Buffy 4: Grr. Arrgh.
This is where we talk about Buffy the Vampire Slayer! No spoilers though?if you post one by accident, an admin will delete it. This thread is NO LONGER NAFDA. Please don't discuss current Angel events here.
Normally, I lurk. Normally, I avoid discussing the attempted rape because it can really bring up some heated discussions that get out of hand. But, I can see this one is being well-handled so I want to throw in another viewpoint.
Buffy doesn't need to forgive Spike. While I agree that many of the people felt the rape was too "real world" and confused many veiwers, it did not confuse me. I saw it as, Spike is an evil vampire, he will do evil things. Pre-season 7, Spike was equivalent to Angelus. Even with the chip, he was still evil. His primary moral compass was toward evil, regardless of his helping the Scoobies, loving Buffy, protecting Dawn, etc. Those actions were abnormal on his part. Normal, for Spike, was evil. Just as we saw in season 3 BtVS and seaon 4 AtS, what Angelus did never needed to be forgiven because it was expected that he would act that way. Spike says it to Wood in LMPTM, he did what vampires do, kill Slayers, he wasn't going to apologize. Basically the same thing he told Buffy in Beneath You, that he wouldn't apologize for the rape. What a vampire does, does not require apologies/forgiveness. You don't forgive the rabid dog that bites you, you shoot it. So, yeah, Buffy should have staked Spike. Not that I wanted to see that mind you, Spike's just too pretty to lose off the show.
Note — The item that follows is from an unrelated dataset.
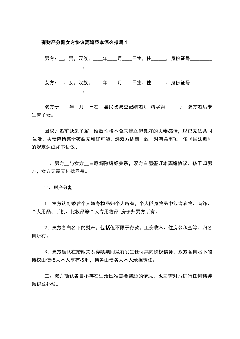 有财产分割女方协议离婚范本怎么拟篇2

I'm coming at this from the perspective that many people have said that they've treated Angel and Angelus like 2 people, but not Spike. My belief is that we should be looking at Spike the same way and Seeing Red was the writers' attempt to get us to do just that. And personally, it did that for me. Up until that point, I truly thought Spike could be redeemed through his own choices. I could pooh-pooh Spike being the Doctor in AYW, but once he tried to rape Buffy, well...I was all for having something horrible happen to his manly parts. Fortunately for Spike, he high-tailed it before Buffy could go Lady Hacksaway on him. And then he went and got the soul.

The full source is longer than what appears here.